Collecting Clean Images for Data Augmentation in ML

danito

Augmentation amplifies whatever you feed it, including its flaws. Flip and crop a duplicate-ridden, inconsistently sized set and you have simply multiplied your problems. So the real groundwork for images for data augmentation happens before any rotation or color jitter: assembling a clean, deduplicated, uniformly sized base set. A browser pipeline like Bulk Image Downloader From URL List covers the collecting and the preprocessing without a line of glue code.

Sourcing images for data augmentation across many pages

Training material rarely sits on one page. Collect your candidate source URLs into a list, load it from a file, and set a max-URL cap with a request delay so you stay a polite client. Deep Scan pulls lazy-loaded and infinite-scroll images that a simple grabber skips, and Stack Mode merges results across paginated galleries into one set. Export the full results to CSV first so you have a provenance manifest tying every sample back to its origin.

Filter for label quality up front

Garbage samples poison a class. Use the scraper filters to enforce a baseline before anything downloads:

  • Set a minimum dimension so you drop thumbnails and icons that carry no signal.
  • Filter by file type to keep raster photos and exclude vector or placeholder art.
  • Use domain include/exclude and text-in-URL search to scope a class to trusted sources.

Dedupe so augmentation does not double-count

Near-duplicates leak between train and validation splits and inflate your accuracy. URL deduplication strips exact repeats; the perceptual duplicate finder goes further, catching visual twins across different URLs using hashes, histograms, texture, and shape signals. Tune sensitivity toward Aggressive when you want a strict, diverse set, review the groups, and remove redundant samples from the task. This is the single highest-leverage step for a trustworthy benchmark. If you maintain separate splits, run the finder across all task lists at once so a sample that lands in training cannot reappear, slightly altered, in your validation set. Save the per-signal weights you settle on so future collection rounds dedupe identically.

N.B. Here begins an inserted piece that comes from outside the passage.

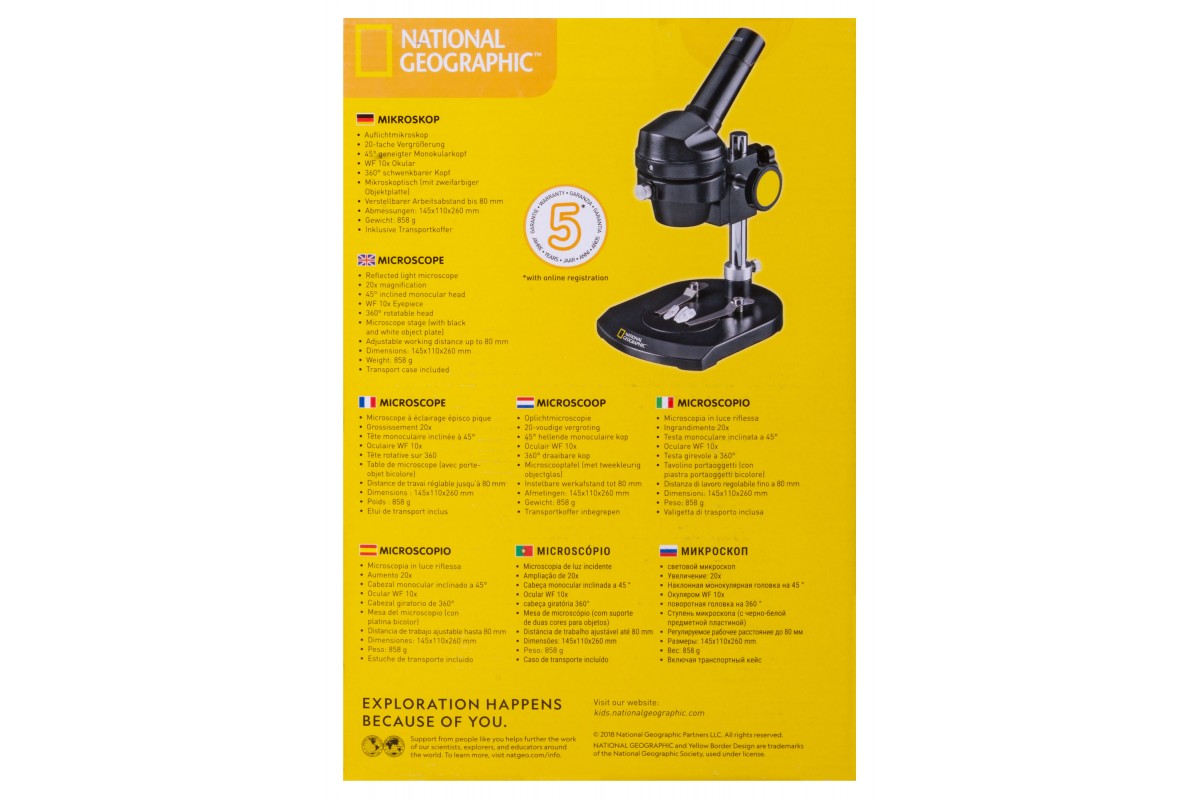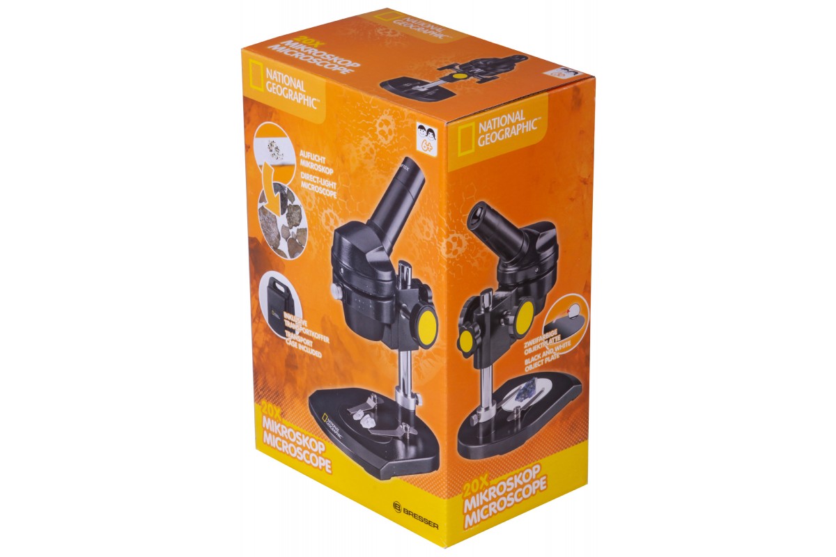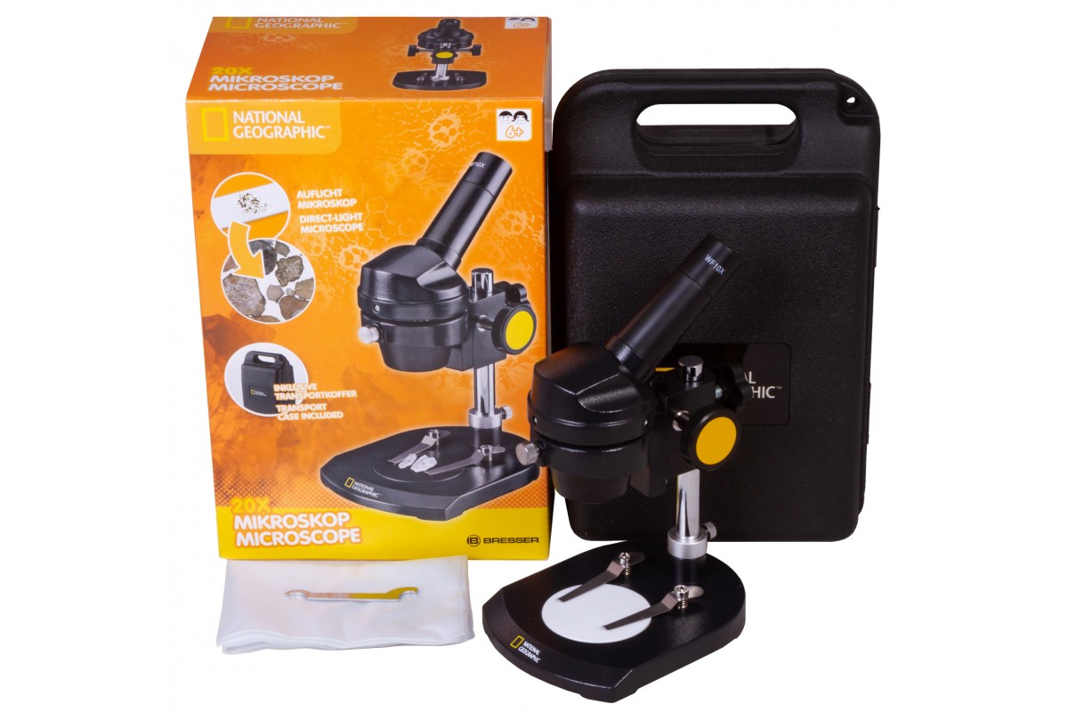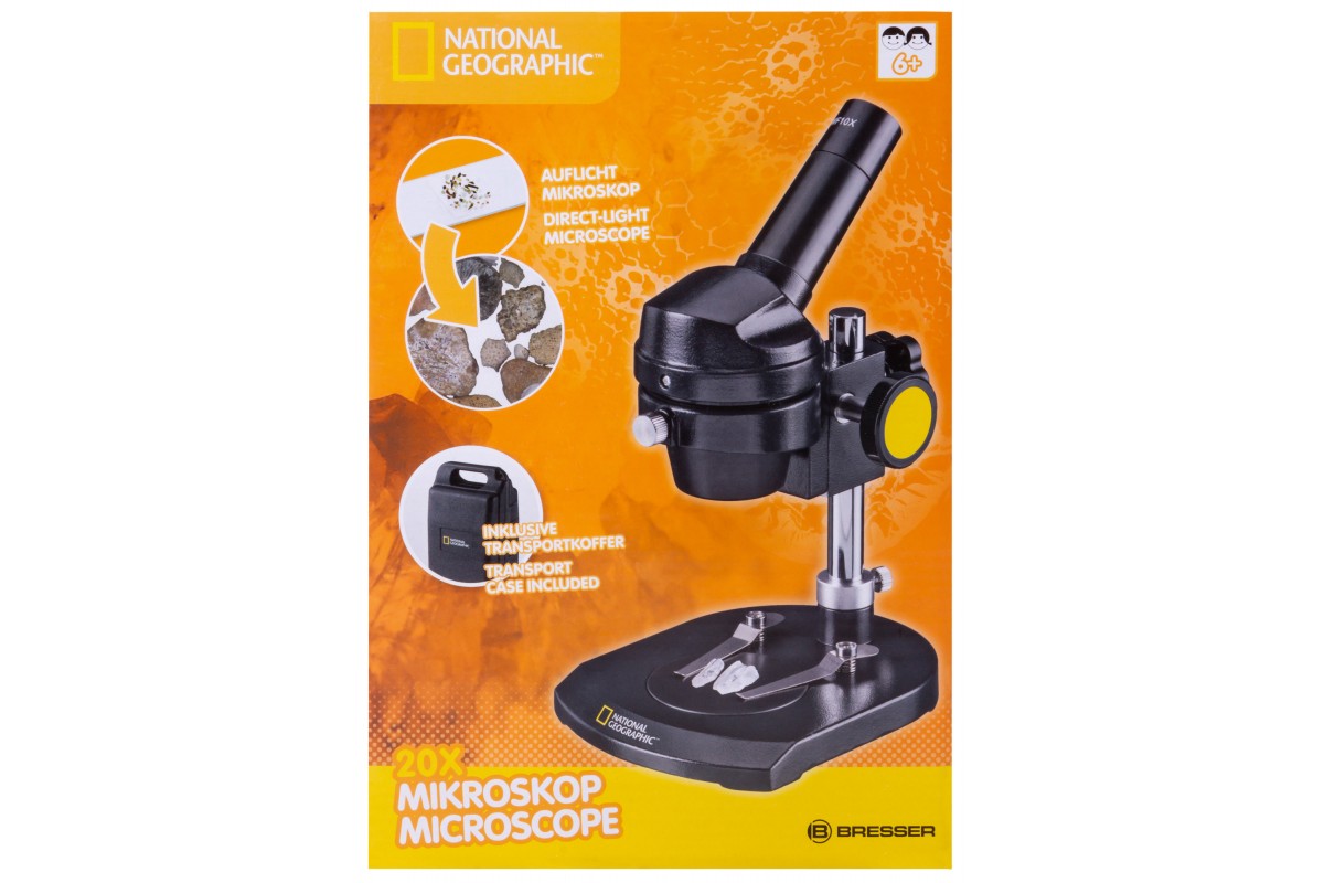 Микроскоп Bresser National Geographic 20x – это простой в управлении, надежный и безопасный оптический прибор, с которым легко справится даже маленький ребенок. Микроскоп не подключается к сети, не нуждается в батарейках, и с его помощью можно изучать множество объектов окружающего мира – камни, листья, монеты и многое другое.
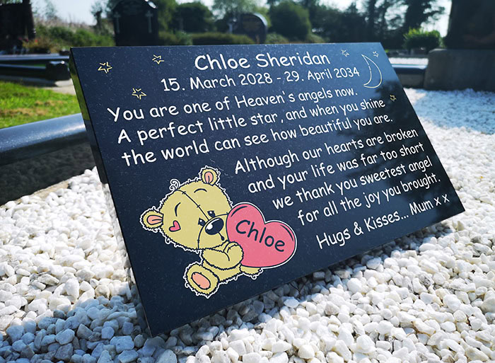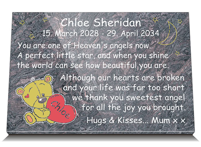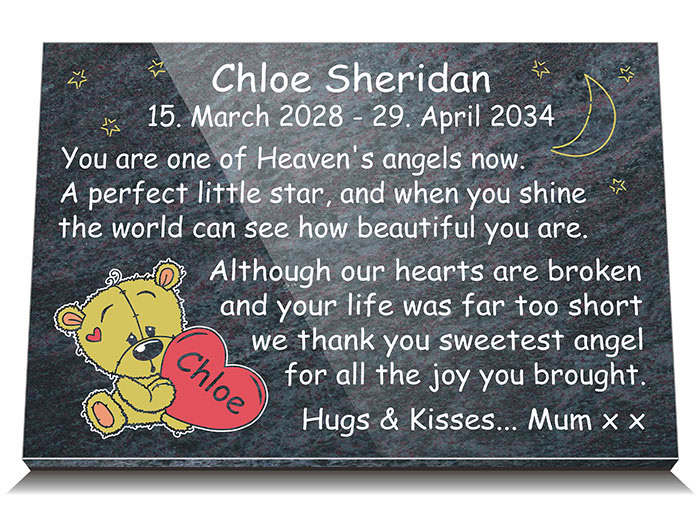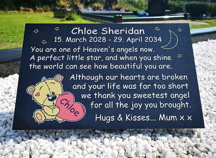 Our daughter grave ornaments come in three sizes and three granite colours. Hand-made from granite each baby memorial plaque is weather-resistant and specially made for outdoor use.

Normalize size and format on download

Most models want consistent input. Turn on Canvas-based resizing with exact dimensions or a fit mode to standardize the base set, set quality deliberately, and convert everything to JPEG or PNG for a uniform pipeline. Note that AVIF is not part of on-download conversion. Strip EXIF so orientation and camera metadata do not skew preprocessing. All of it runs locally in Web Workers, so nothing about your dataset is uploaded to a third party.

Make the collection reproducible

Reproducibility is non-negotiable in machine learning. Use the filename constructor to encode a class label and sequence number into each file, so folder structure doubles as labels. Save the scan settings, filters, and naming you used to collect the images for data augmentation as a reusable rule, and keep the CSV manifest with your experiment notes. When a reviewer asks how the set was built, you can hand over the rule, the manifest, and the exact filters. Clean inputs, documented and repeatable, are what make your augmented data actually worth training on.